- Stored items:
★ ★ ★ ★

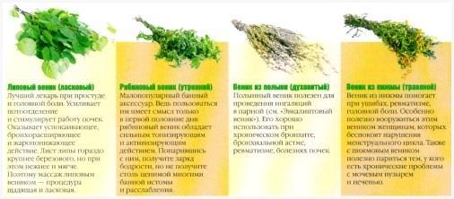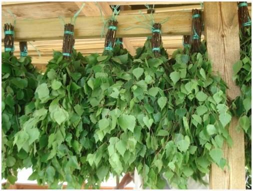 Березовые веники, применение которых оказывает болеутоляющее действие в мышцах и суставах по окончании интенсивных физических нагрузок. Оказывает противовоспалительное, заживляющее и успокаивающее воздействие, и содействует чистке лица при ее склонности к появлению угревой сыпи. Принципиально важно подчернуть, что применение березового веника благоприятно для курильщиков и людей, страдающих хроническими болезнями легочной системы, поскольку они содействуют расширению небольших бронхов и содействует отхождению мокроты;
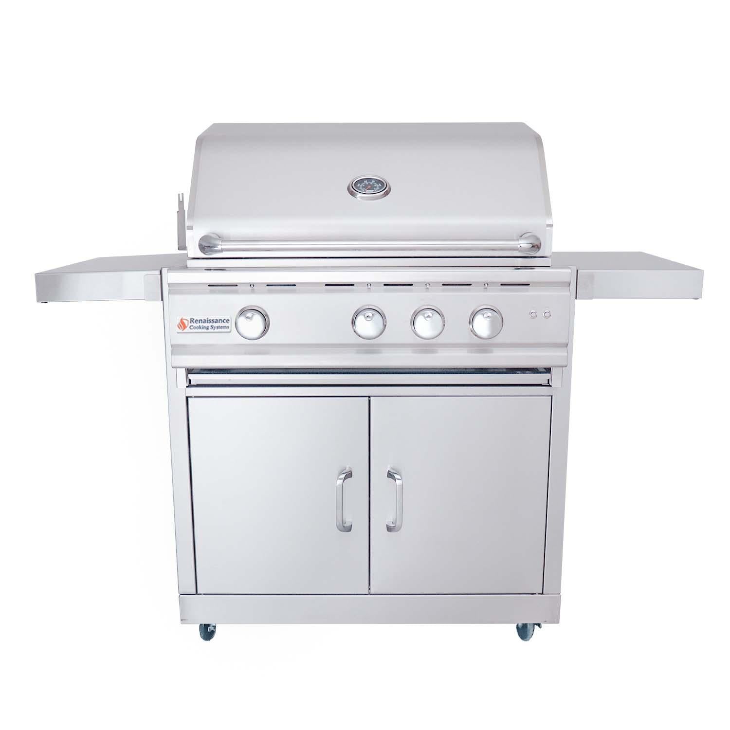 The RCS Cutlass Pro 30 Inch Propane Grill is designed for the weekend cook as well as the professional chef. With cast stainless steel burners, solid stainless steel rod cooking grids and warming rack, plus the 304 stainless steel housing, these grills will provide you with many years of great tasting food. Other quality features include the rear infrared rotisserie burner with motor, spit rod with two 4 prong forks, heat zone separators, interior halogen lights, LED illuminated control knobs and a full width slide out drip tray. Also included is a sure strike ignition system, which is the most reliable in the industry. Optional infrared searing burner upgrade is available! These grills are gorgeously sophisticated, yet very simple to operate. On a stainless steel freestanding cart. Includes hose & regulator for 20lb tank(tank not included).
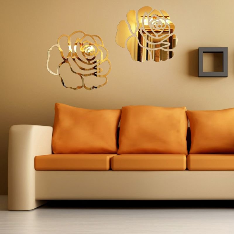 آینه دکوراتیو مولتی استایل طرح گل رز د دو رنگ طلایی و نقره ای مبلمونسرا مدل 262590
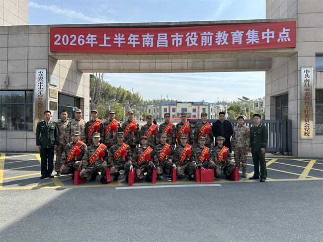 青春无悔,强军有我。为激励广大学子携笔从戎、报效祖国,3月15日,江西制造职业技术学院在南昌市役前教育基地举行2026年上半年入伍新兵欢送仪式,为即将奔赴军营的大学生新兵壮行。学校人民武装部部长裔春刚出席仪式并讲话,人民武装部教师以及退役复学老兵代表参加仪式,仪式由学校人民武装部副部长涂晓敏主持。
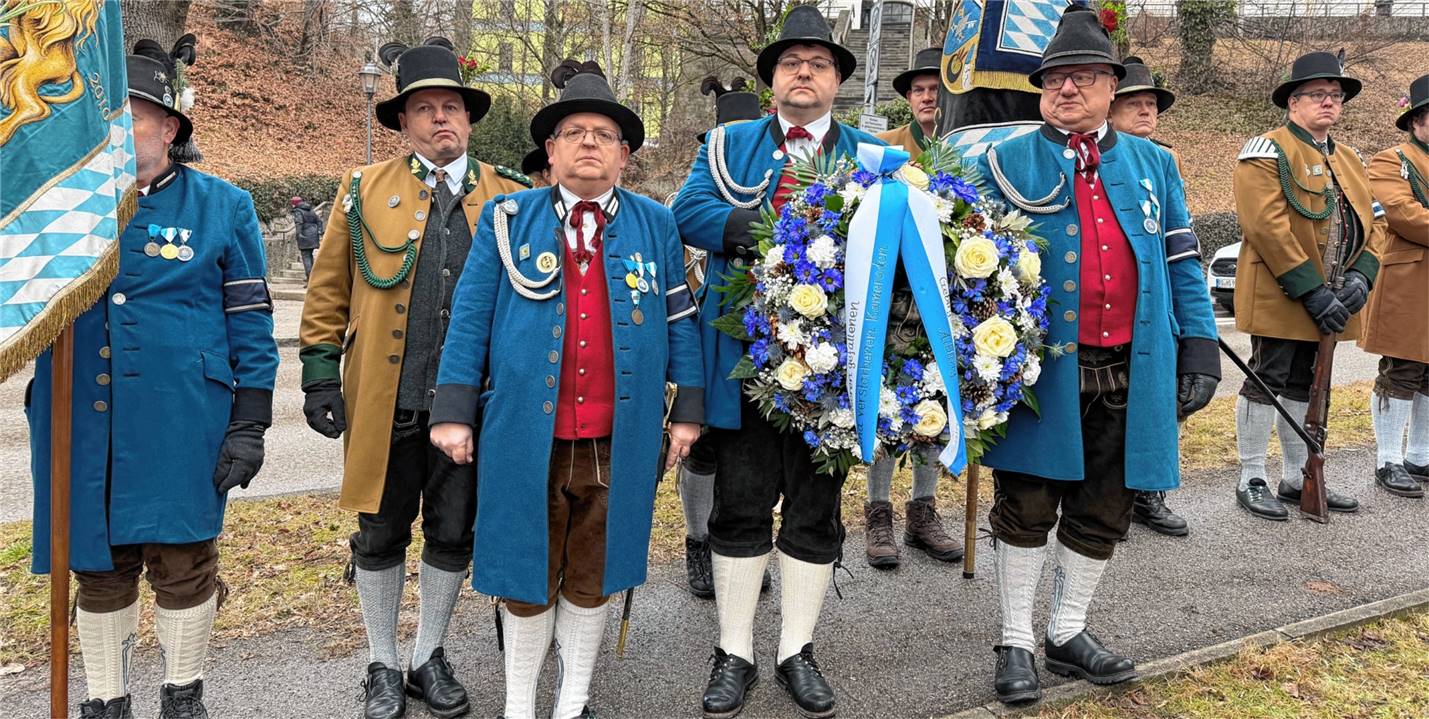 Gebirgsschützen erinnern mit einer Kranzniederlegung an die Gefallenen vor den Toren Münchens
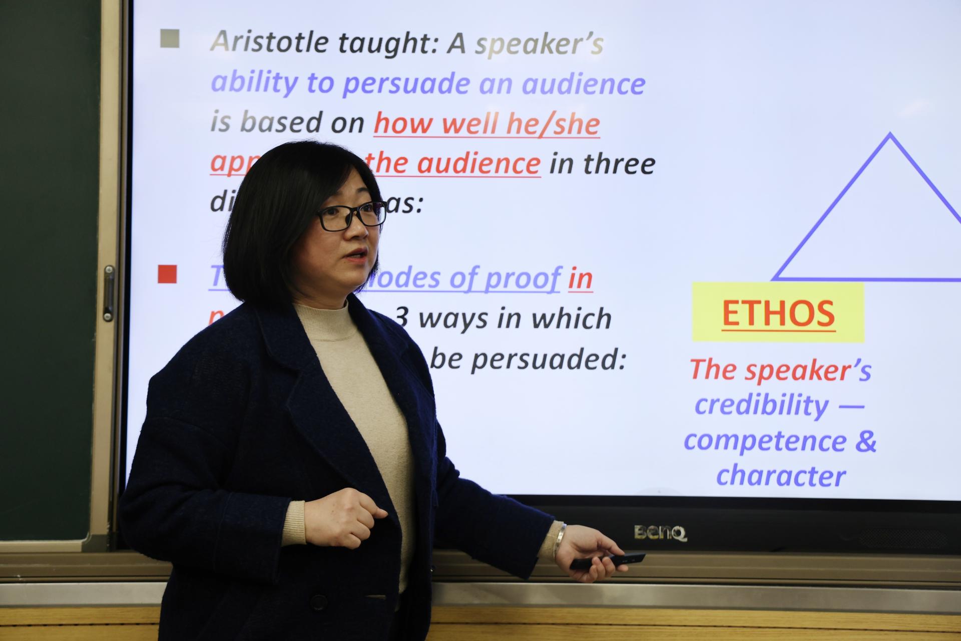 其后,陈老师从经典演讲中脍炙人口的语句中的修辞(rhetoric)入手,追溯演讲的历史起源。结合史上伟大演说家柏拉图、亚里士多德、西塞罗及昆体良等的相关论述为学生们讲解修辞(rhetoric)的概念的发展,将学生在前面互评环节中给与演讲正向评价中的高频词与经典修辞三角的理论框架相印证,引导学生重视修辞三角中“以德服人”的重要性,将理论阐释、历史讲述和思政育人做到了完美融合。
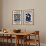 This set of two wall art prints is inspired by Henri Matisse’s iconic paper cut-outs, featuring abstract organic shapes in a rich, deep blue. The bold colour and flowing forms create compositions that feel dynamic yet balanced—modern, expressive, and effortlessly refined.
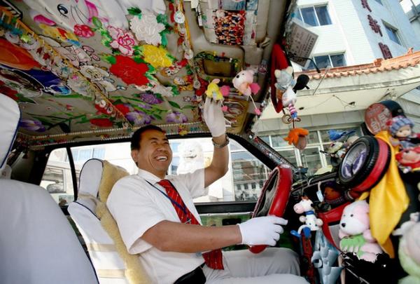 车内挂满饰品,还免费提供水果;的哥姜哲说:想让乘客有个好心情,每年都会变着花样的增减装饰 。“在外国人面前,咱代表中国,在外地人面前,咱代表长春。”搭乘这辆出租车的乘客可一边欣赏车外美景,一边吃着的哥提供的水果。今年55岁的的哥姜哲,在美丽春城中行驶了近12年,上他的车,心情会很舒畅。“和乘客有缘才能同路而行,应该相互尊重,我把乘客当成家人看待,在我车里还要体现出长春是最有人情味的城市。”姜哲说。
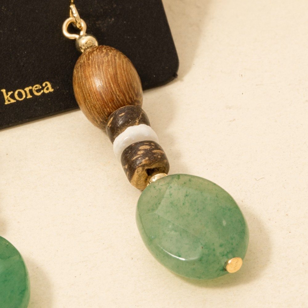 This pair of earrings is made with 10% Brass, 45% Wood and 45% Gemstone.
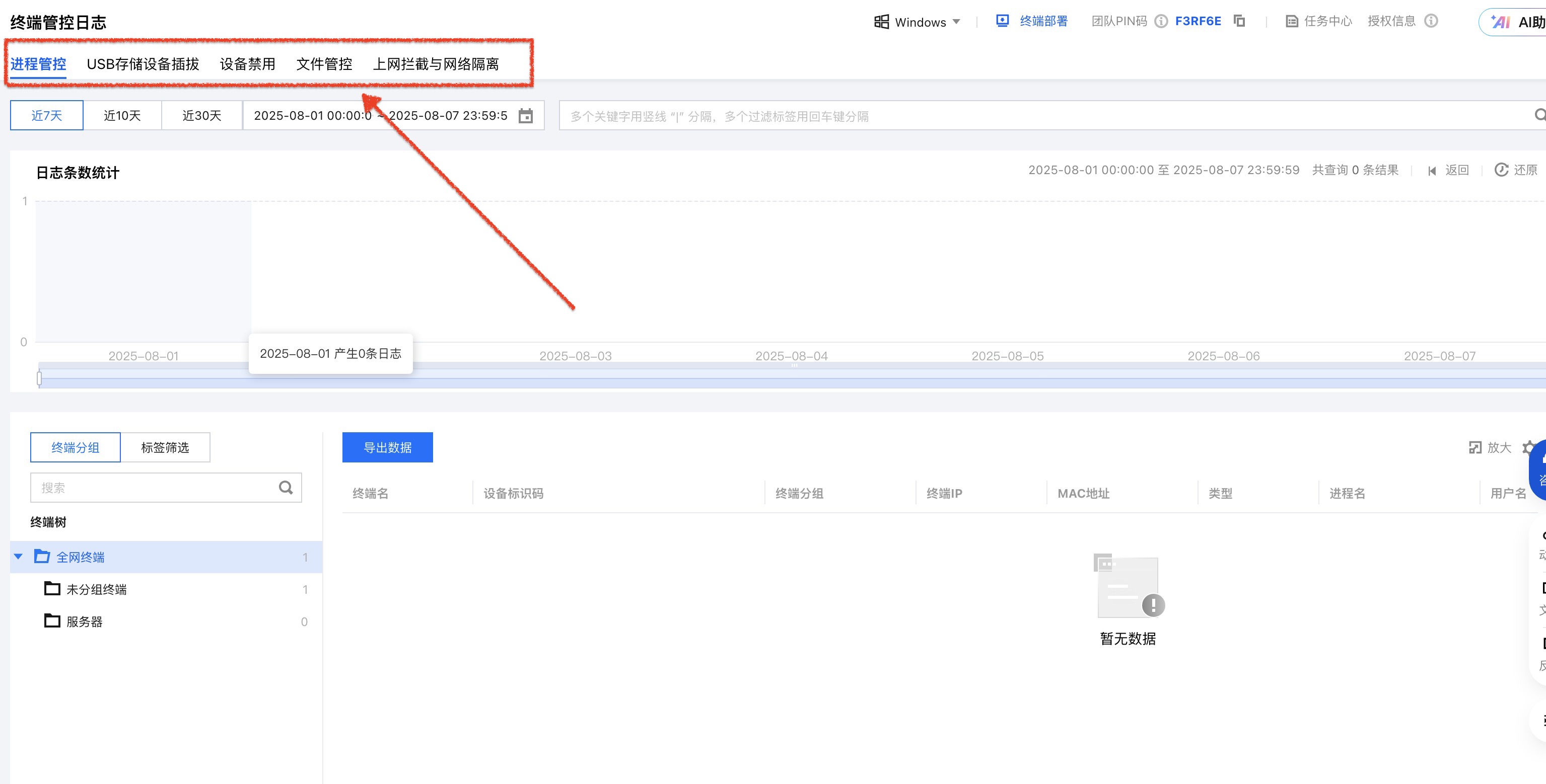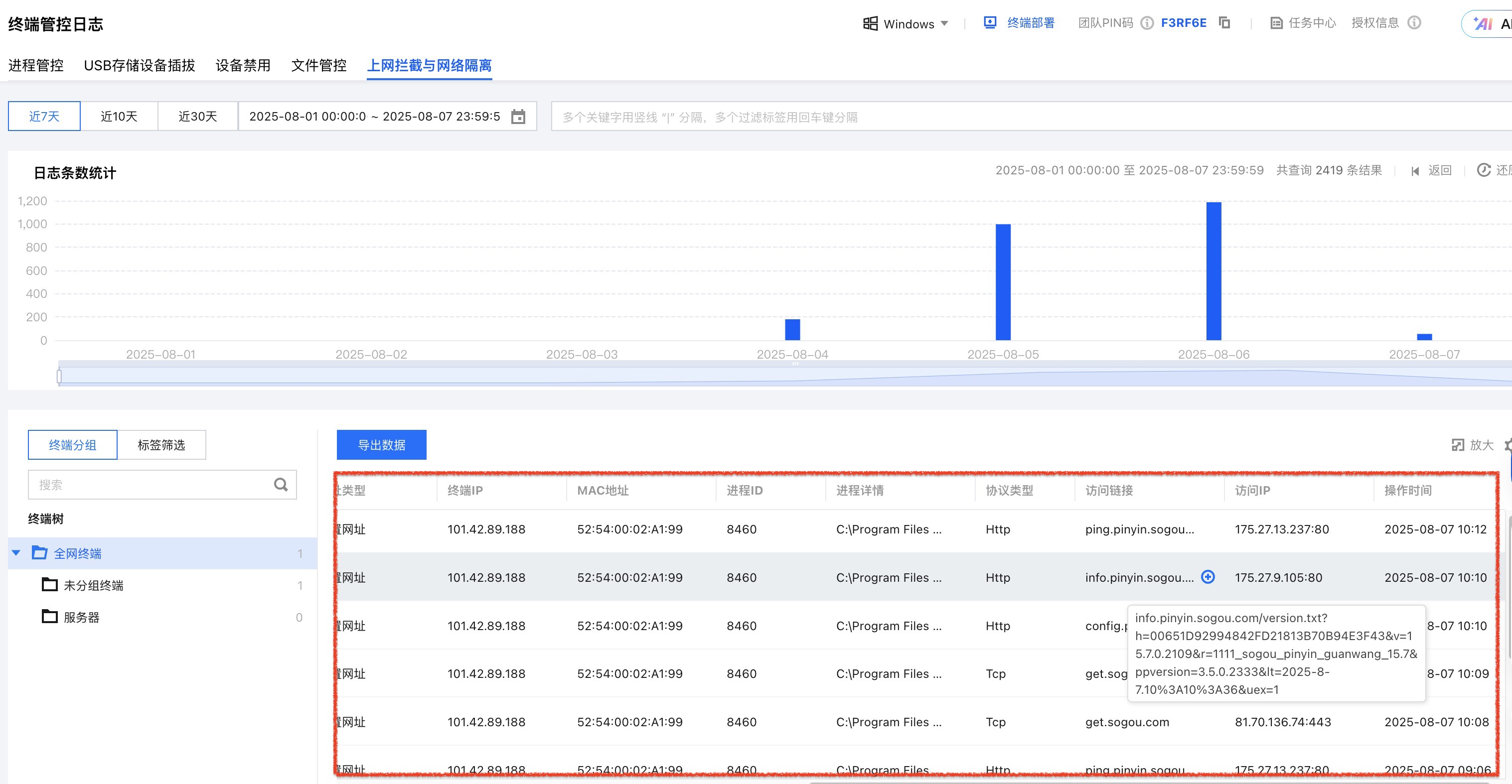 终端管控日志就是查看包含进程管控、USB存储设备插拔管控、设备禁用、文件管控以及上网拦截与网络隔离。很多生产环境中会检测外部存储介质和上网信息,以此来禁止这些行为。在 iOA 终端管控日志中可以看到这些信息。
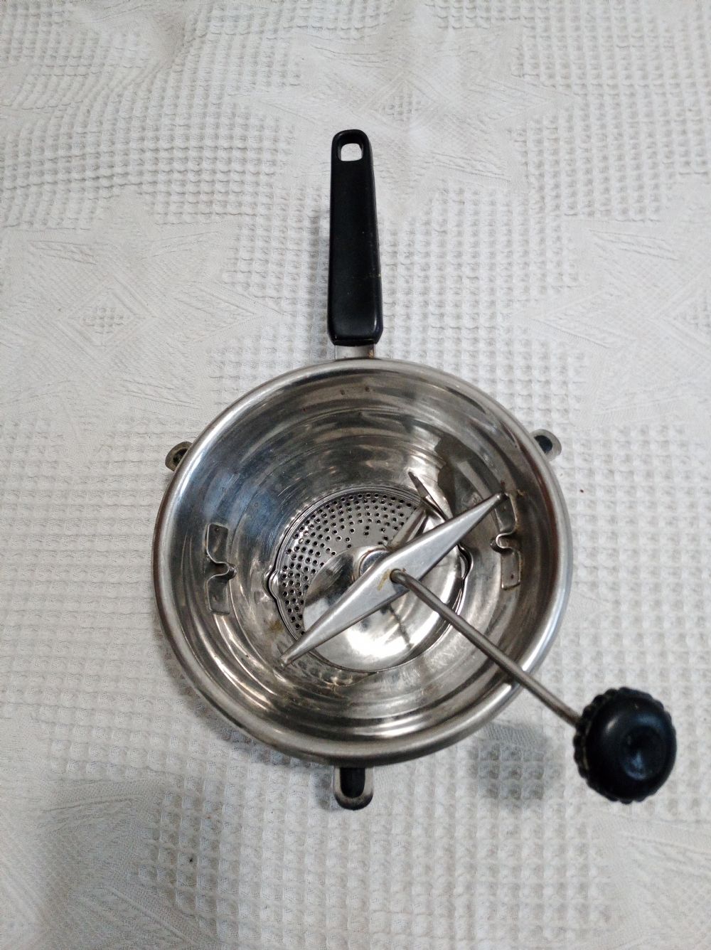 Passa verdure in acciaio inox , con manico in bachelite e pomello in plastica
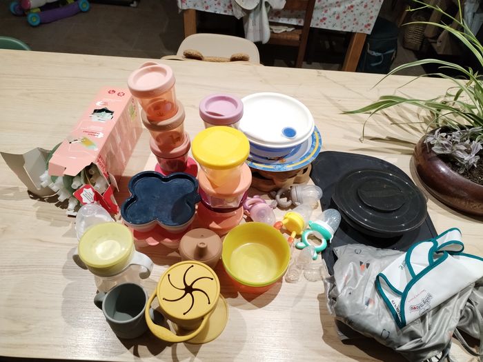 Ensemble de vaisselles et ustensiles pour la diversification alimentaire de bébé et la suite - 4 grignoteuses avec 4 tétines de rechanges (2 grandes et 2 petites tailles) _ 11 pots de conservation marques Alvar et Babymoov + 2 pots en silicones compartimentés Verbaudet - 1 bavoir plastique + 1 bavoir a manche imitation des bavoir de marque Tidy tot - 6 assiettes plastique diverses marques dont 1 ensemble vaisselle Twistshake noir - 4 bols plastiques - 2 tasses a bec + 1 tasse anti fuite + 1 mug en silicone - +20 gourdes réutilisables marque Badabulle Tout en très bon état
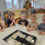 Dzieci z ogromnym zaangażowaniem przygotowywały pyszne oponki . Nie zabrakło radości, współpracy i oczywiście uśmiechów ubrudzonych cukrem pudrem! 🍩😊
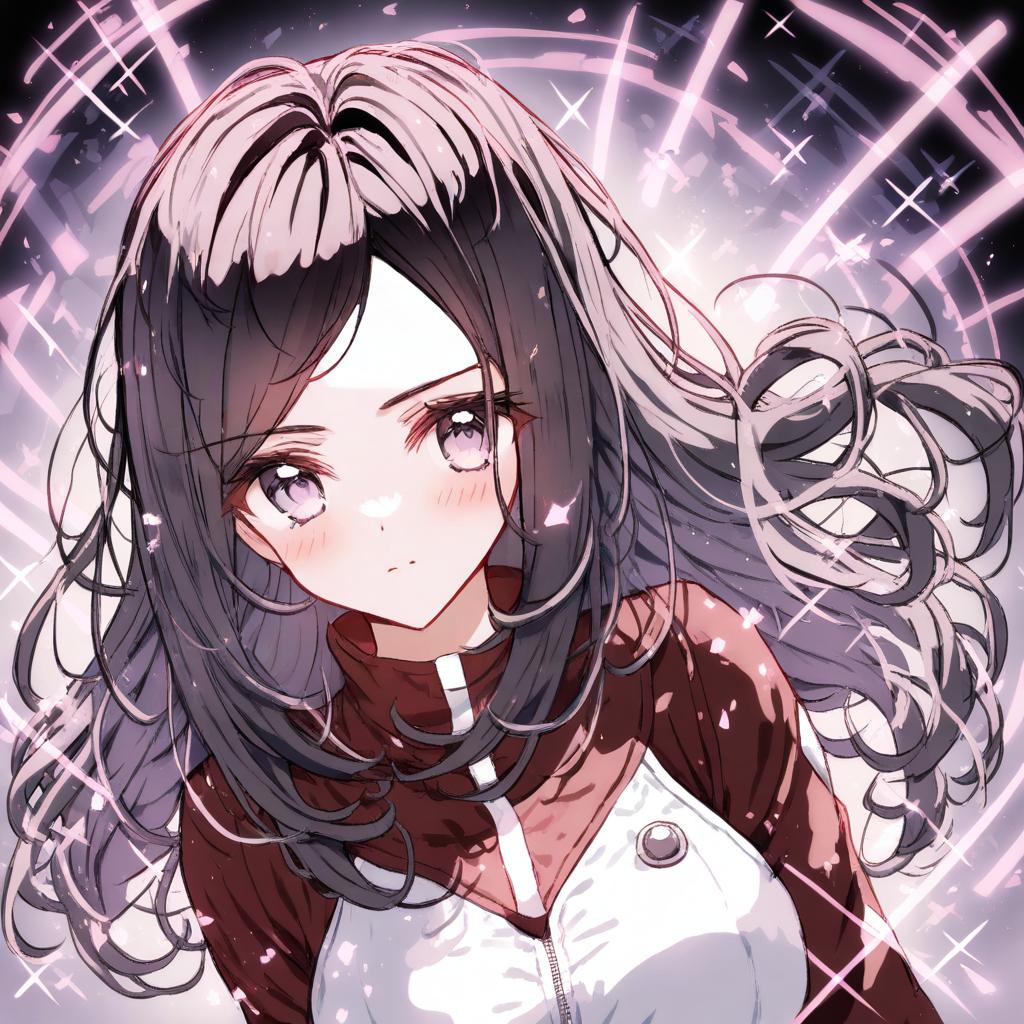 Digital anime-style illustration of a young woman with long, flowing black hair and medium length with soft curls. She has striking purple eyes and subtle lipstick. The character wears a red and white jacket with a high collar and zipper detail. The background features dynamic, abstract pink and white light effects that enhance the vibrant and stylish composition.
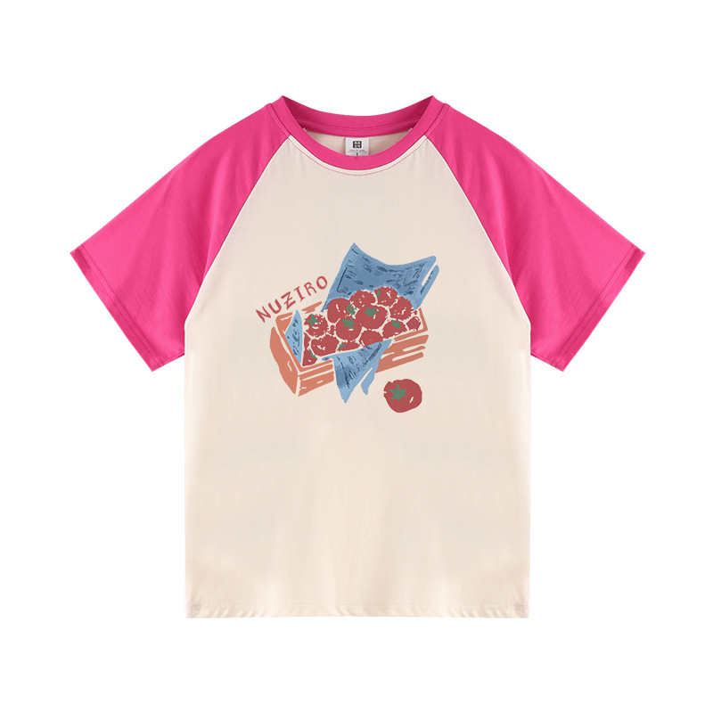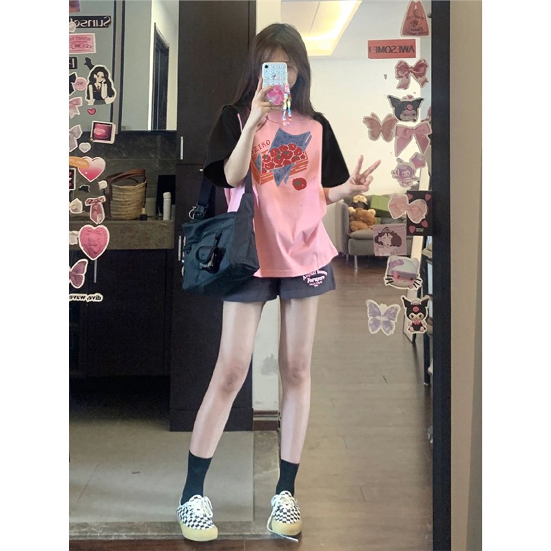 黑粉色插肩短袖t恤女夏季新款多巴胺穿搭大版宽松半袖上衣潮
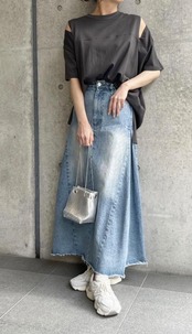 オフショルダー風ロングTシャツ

★ ★ ★ ★

- WHAT IS REQUIRED:
In the entries above, find the line with "This pair of" and the line with "Passa verdure in". Write out exactly those two lines and every line between them, pictures excluded.

- OUTPUT OF THE EXERCISE:
 This pair of earrings is made with 10% Brass, 45% Wood and 45% Gemstone.
 终端管控日志就是查看包含进程管控、USB存储设备插拔管控、设备禁用、文件管控以及上网拦截与网络隔离。很多生产环境中会检测外部存储介质和上网信息,以此来禁止这些行为。在 iOA 终端管控日志中可以看到这些信息。
 Passa verdure in acciaio inox , con manico in bachelite e pomello in plastica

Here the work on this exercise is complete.